TORC2 Structure and Function.

Author information

1
Department of Molecular Biology, and Institute of Genetics and Genomics of Geneva (iGE3), University of Geneva, 30 quai Ernest Ansermet, CH1211 Geneva, Switzerland.
2
Department of Molecular Biology, and Institute of Genetics and Genomics of Geneva (iGE3), University of Geneva, 30 quai Ernest Ansermet, CH1211 Geneva, Switzerland; National Centre of Competence in Research "Chemical Biology", University of Geneva, Geneva CH-1211, Switzerland. Electronic address: Robbie.Loewith@unige.ch.

Abstract

The target of rapamycin (TOR) kinase functions in two multiprotein complexes, TORC1 and TORC2. Although both complexes are evolutionarily conserved, only TORC1 is acutely inhibited by rapamycin. Consequently, only TORC1 signaling is relatively well understood; and, at present, only mammalian TORC1 is a validated drug target, pursued in immunosuppression and oncology. However, the knowledge void surrounding TORC2 is dissipating. Acute inhibition of TORC2 with small molecules is now possible and structural studies of both TORC1 and TORC2 have recently been reported. Here we review these recent advances as well as observations made from tissue-specific mTORC2 knockout mice.
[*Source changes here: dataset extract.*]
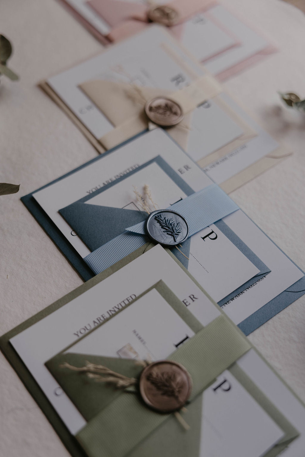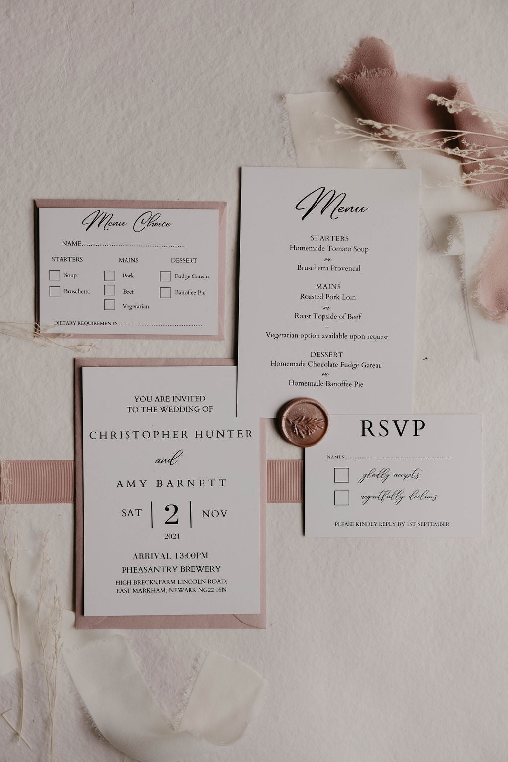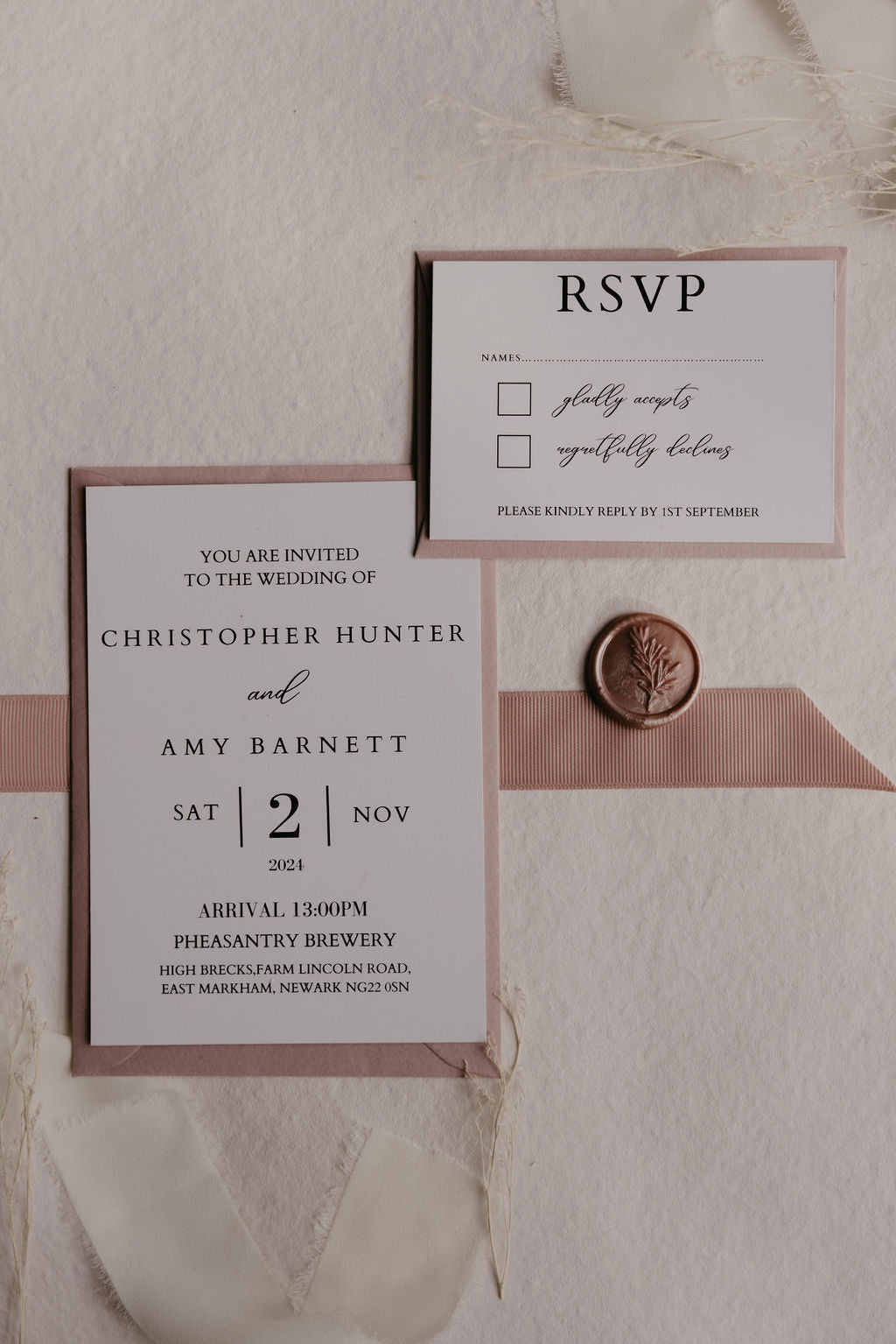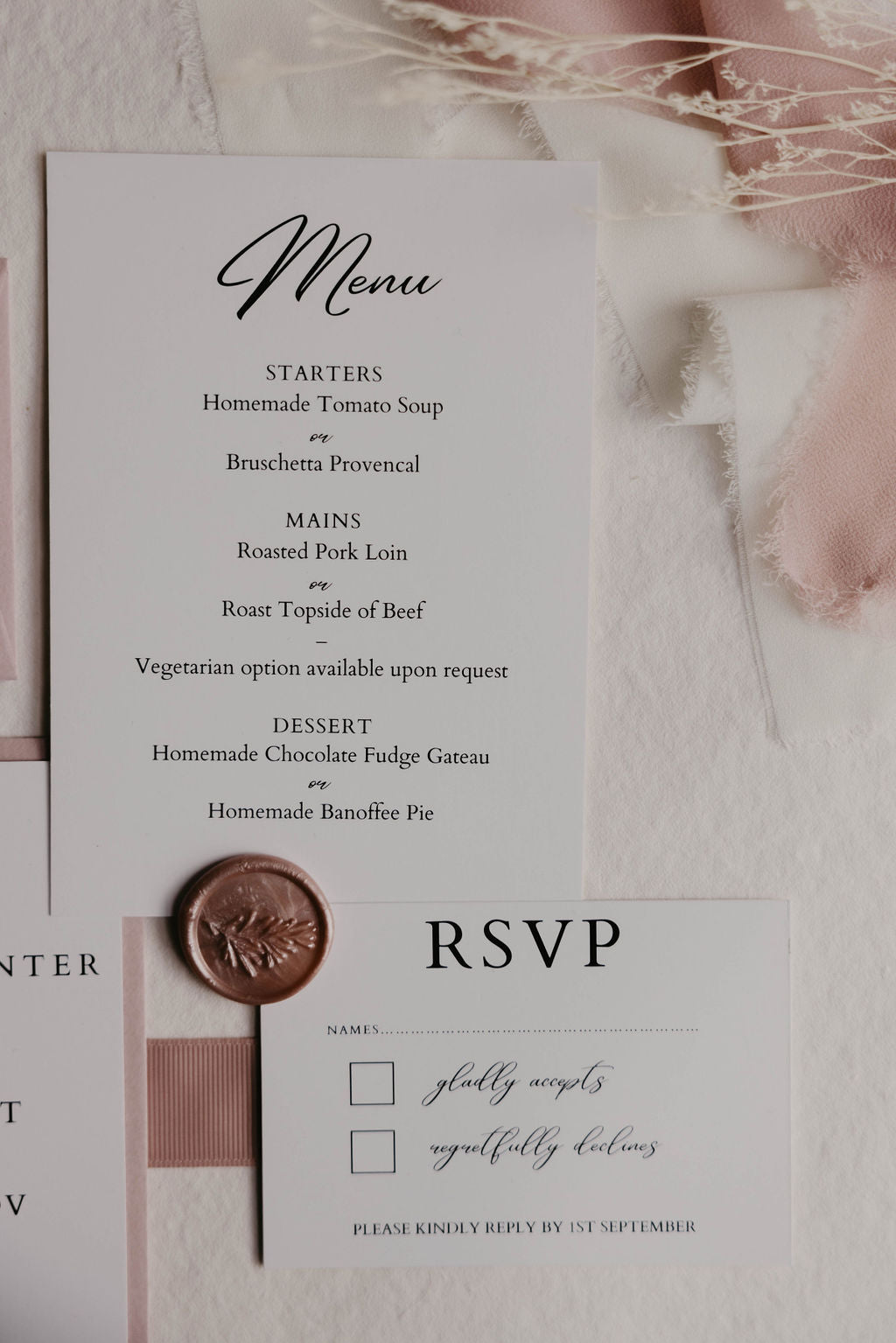 Each invitation is printed on high quality A6 white silk card, finished off with your choice of colour envelope, ribbon, wax seal and dried sprig.

Together these studies help define TORC2 structure-function relationships and suggest that mammalian TORC2 may one day also become a bona fide clinical target.

KEYWORDS:

cancer; conditional knockout mouse model; cryo-electron microscopy; membrane tension homeostasis; metabolism; subunit conservation; subunit topology; target of rapamycin complex 2 (TORC2); therapeutic potential

PMID:
27161823
DOI:
10.1016/j.tibs.2016.04.001
[Indexed for MEDLINE]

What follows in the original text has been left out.